Как начала в самолётах
строчить, так уже и остановиться не смогла. Пока не написала "Одесский фокстрот или Чёрный кот с вертикальным взлётом" наплевав на более срочные договорные обязательства По логике вещей эта рукопись должна была бы выглядеть продолжением
Моего одесского языка Но по моему мнению она таковой не является впрочем, когда это читателям не наэтосамое на мнение автора? Вот
тут у меня покоится черновик одной из последних глав "Моего одесского языка", давший название
диску, а под катом - предпоследняя глава "Одесского фокстрота" чисто чтобы не нарушать традицию.
И ГОРШОЧЕК МЁДА
Фокстрот - танец в четырёхтактном ритме, появившийся в США в 1912 году. Есть вероятность, что название танца произошло от английского слова «foxtrot» - «лисья рысь» или «лисий шаг». Согласно другому предположению, фокстрот является изобретением Гарри Фокса, и склонность танцора к выпивке обусловила название - «глотка Фокса»: «Foxthroat». Лично мне по душе обе версии, поскольку обе же они - и отражают.

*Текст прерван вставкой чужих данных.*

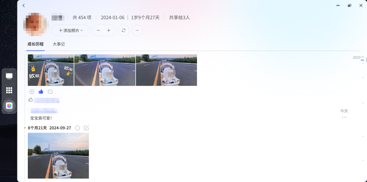 极空间并未将宝宝相册局限于工具属性,而是通过大事记与互动功能,赋予其情感承载的深层意义。用户可将宝宝第一次获得奖状、第一次独立吃饭等里程碑事件添加至大事记模块,形成专属成长档案——这些记录既是宝宝的成长印记,更成为父母养育过程中的荣耀勋章。目前电脑端宝宝相册也已完成全新改版,对大事记等功能进行了进一步优化。

В ярком солнечном свете виноградные листья с ветром танцуют фокстрот.
Я живу под самым небом, над тенью винограда. Каждое утро я вижу у своих ног тёмно-зелёный ковёр.
Я никак не привыкну к этой не иллюзии. Я выхожу за порог и оказываюсь на поляне, пьянящей запахами. Вы когда-нибудь пили кофе, сидя на тёмной зелени виноградного ковра, источающего дурман? Завидуйте мне, о живущие внизу! Я - небожитель! Я пью кофе с сигареткой, качаясь на виноградных листьях, вдыхая густой сладко-тёрпкий аромат сока, превращающегося в вино прямо тут, в гроздьях моего поднебесья.
Оттуда, снизу, до меня доносится хрюканье одного из земных жителей. О, опять эти претензии, которые они называют молитвами! Жалкие ничтожные смертные создания! Вам никогда не дотянуться до бога! Если вы, конечно, не собака.
Толстый мопс, состроив ещё более умильную, чем обычно, мордочку, с видимым усилием преодолевает лестницу, ведущую на второй этаж. Где на крохотной открытой верандочке я пью первый рассветный кофе с сигареткой. Преодолевая тяготы вознесения, он пыхтит, как паровозик из Ромашково. И наконец, усевшись рядом со мной, шумно вздыхает и, уставившись на меня своими безнадежными карими сливами (потому что буркалы мопса явно больше вишен), просто любит меня. Безо всяких претензий. Не. Конечно же, если у меня в кармане пижамы завалялся кусок колбасы, он ничего не будет иметь против. А на нет - и суда нет. Ни суда, ни калькуляции, ни сплетен. Мопс смотрит с небес на землю. Там, далеко на земле, валяется начисто обглоданная баранья лопатка. Да, действительно. Время пищи утробной хоть иногда должно перемежаться часом духовной трапезы. Посидим, помолчим, друг Боня. Для чего ещё существуют крохотные верандочки вторых этажей, вознёсшиеся над увитыми столетним виноградом дворами.
Это наш мир, Боня! И как это и положено: в розово-голубой хрустальной тишине ангел расписывает и расписывает свой вечный замшелый паркер с вусмерть раздолбанным золотым пером, роняя нам с небес на землю чернильные пятна спелого винограда.
- Ну и шо ты там уселась?! Спускайся вниз, сядь за стол, как человек!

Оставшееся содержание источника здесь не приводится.